A sandwich shop offers the following toppings. How many two-topping sandwiches can you make?
- lettuce
- tomato
- Bacon
- Cheese
- Mustard
(1 point)
8
10
12
20
10
wait ur teacher needs to get their stuff straight that is HOW DO U EVEN ANSWER THAT
As an AI language model, I can answer questions and provide information based on my programmed knowledge and algorithms.

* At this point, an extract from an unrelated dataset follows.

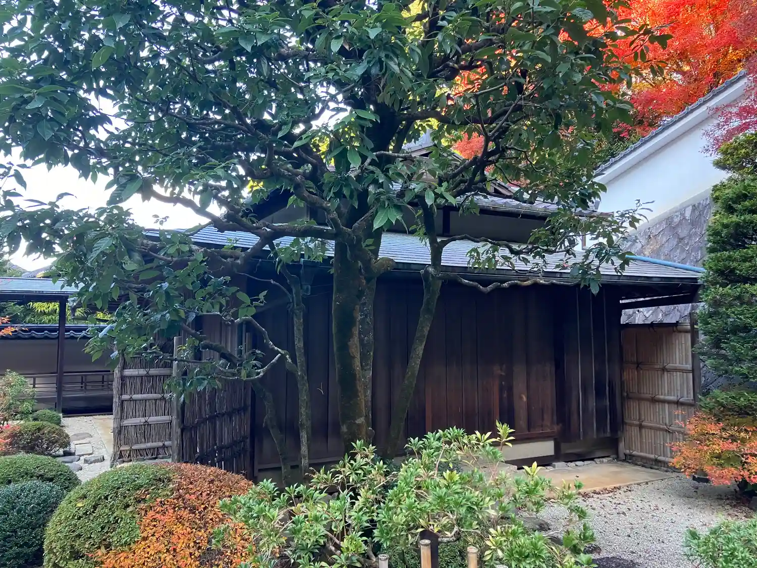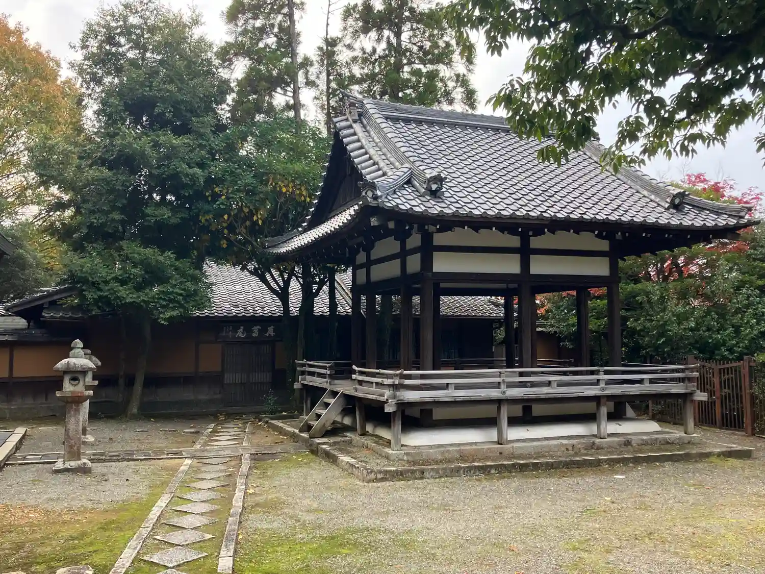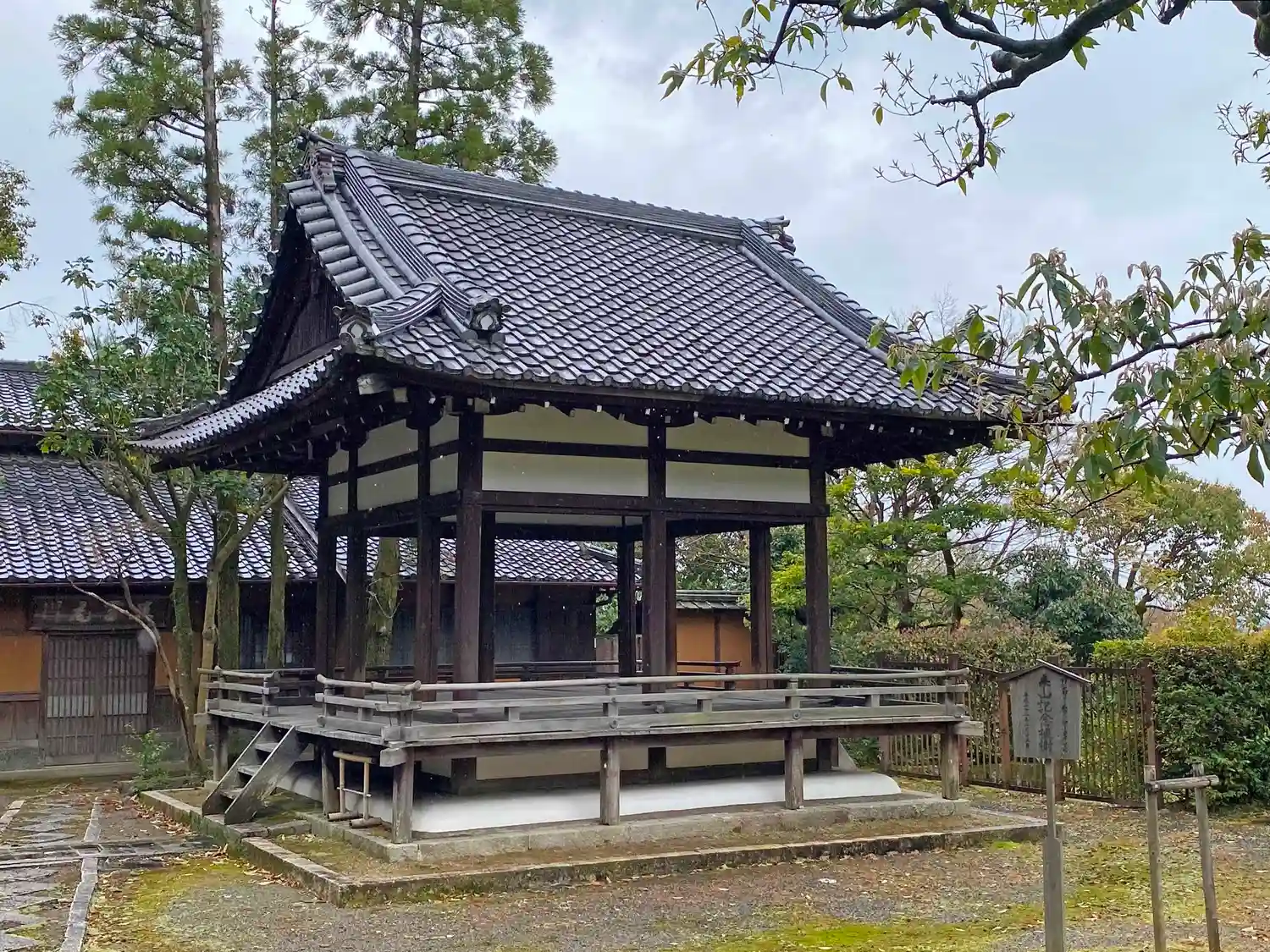 こちらは<鎮守八幡社>の社殿前に建つ<舞殿>。奥の建物は茶室<真葛庵>で、毎月3日に裏千家の月釜が開かれるとか。

In this case, the answer to the question is 10. If you have any doubts or further questions, I will be happy to assist you.
To find out the number of two-topping sandwiches that can be made with the given toppings, we can use the concept of combinations.
A combination is a way to select a specific number of items from a larger set without considering their order. In this case, we want to select two toppings from the list.
To calculate the number of combinations, we can use the formula:
C(n, r) = n! / (r!(n-r)!),
where C(n, r) represents the number of combinations of r items from a set of n items, and "!" denotes the factorial of a number.
In our case, we have 5 toppings to choose from, and we want to make two-topping sandwiches. Therefore, we need to calculate C(5, 2).
Let's substitute the values into the formula:
C(5, 2) = 5! / (2!(5-2)!)
= 5! / (2!3!)
= (5 * 4 * 3!) / (2! * 3!)
= (5 * 4) / (2 * 1)
= 20 / 2
= 10.
So, you can make 10 two-topping sandwiches with the given toppings.